WORK REQUIRED. Every line from the top of the records below through the one containing "中古Vintage银针几何菱形耳环宫廷风时尚设计耳坠复古通勤饰品女" must be copied exactly, and the pictures must not be.

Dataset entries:
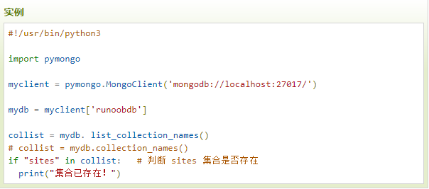 我们可以读取 MongoDB 数据库中的所有集合,并判断指定的集合是否存在:
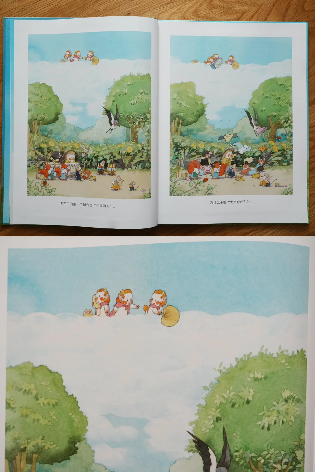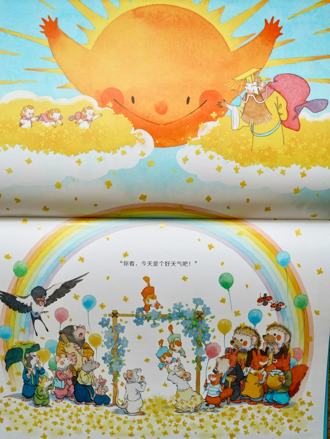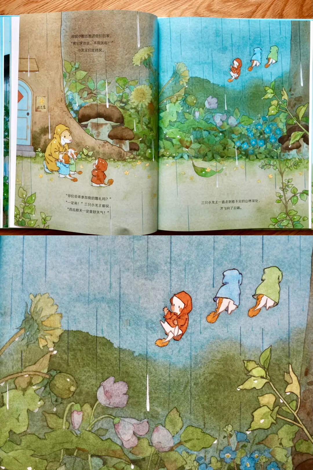 不过小龙王们没放弃,在山谷收集了好几天花瓣。婚礼当天,他们从云端洒下花瓣,来了一场浪漫的花瓣雨,给田鼠小姐带来好天气,也得到了老龙王和太阳的原谅。
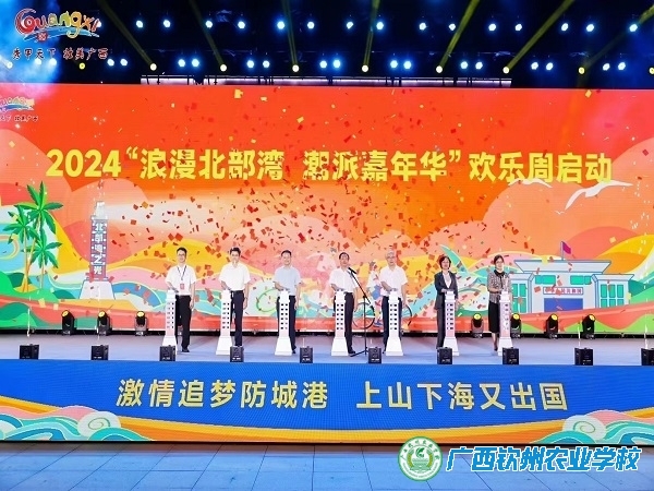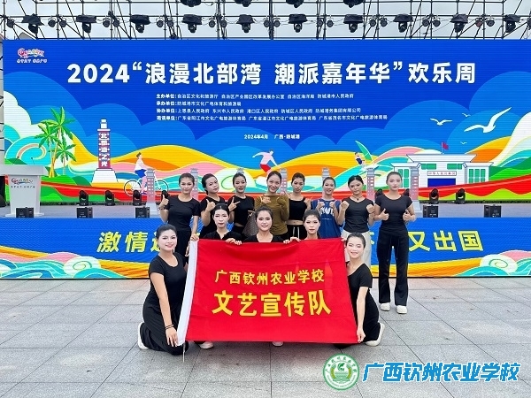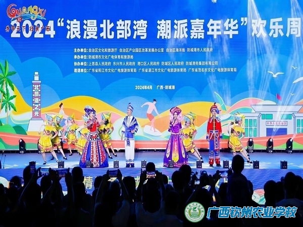4月26日晚,由广西壮族自治区文化和旅游厅、自治区产业园区改革发展办公室、自治区海洋局、防城港市人民政府共同举办的2024“浪漫北部湾 潮派嘉年华”欢乐周活动在防城港市北港故里激情开幕。应钦州市文化广电体育和旅游局的邀请,我校谭倩倩老师和12名学生(女)前往参与歌舞节目《山歌畅享运河城》的表演,歌舞描绘出了钦州人民团结奋进、美好和谐的幸福画卷。
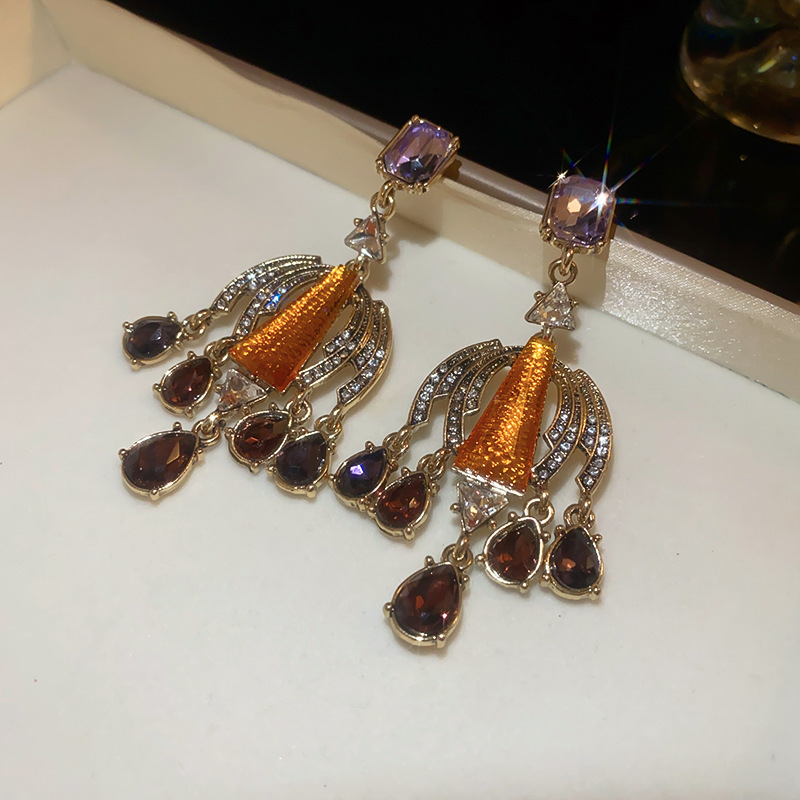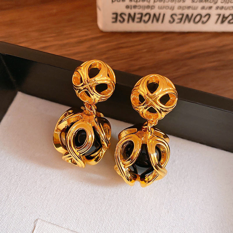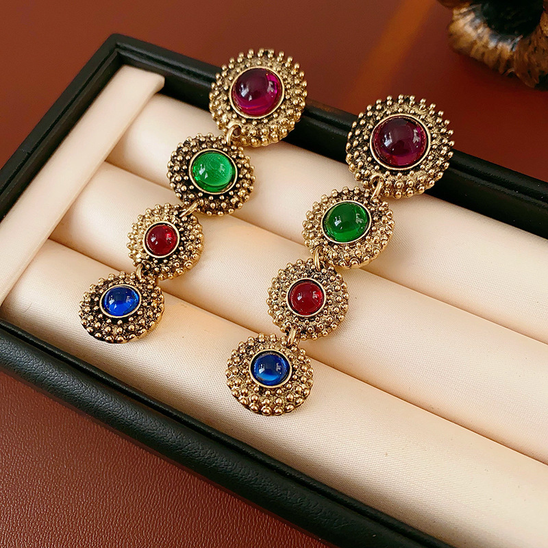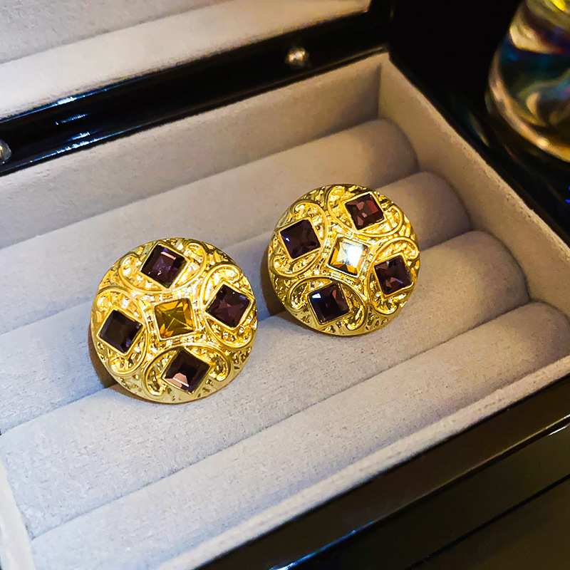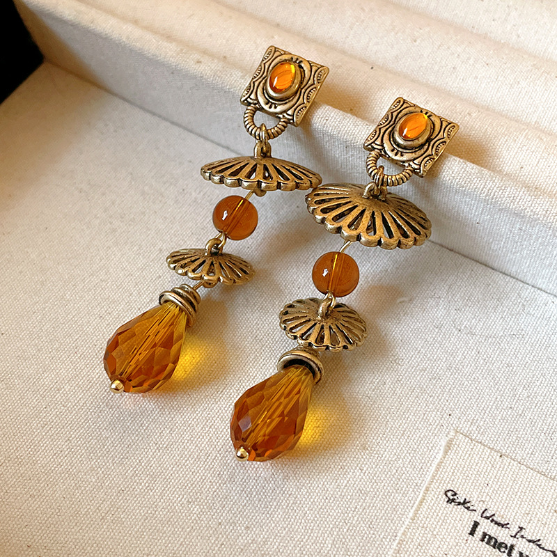 中古Vintage银针几何菱形耳环宫廷风时尚设计耳坠复古通勤饰品女
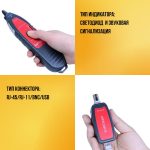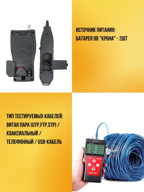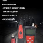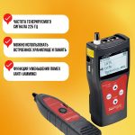 • Типы определяемых кабелей: витая пара STP/UTP 5E, 6E, телефонный кабель, коаксиальный кабель, USB-кабель и различные типы кабелей с металлическими проводниками – при помощи зажимов-крокодилов.

REPLY TO THE TASK.
 我们可以读取 MongoDB 数据库中的所有集合,并判断指定的集合是否存在:
 不过小龙王们没放弃,在山谷收集了好几天花瓣。婚礼当天,他们从云端洒下花瓣,来了一场浪漫的花瓣雨,给田鼠小姐带来好天气,也得到了老龙王和太阳的原谅。
4月26日晚,由广西壮族自治区文化和旅游厅、自治区产业园区改革发展办公室、自治区海洋局、防城港市人民政府共同举办的2024“浪漫北部湾 潮派嘉年华”欢乐周活动在防城港市北港故里激情开幕。应钦州市文化广电体育和旅游局的邀请,我校谭倩倩老师和12名学生(女)前往参与歌舞节目《山歌畅享运河城》的表演,歌舞描绘出了钦州人民团结奋进、美好和谐的幸福画卷。
 中古Vintage银针几何菱形耳环宫廷风时尚设计耳坠复古通勤饰品女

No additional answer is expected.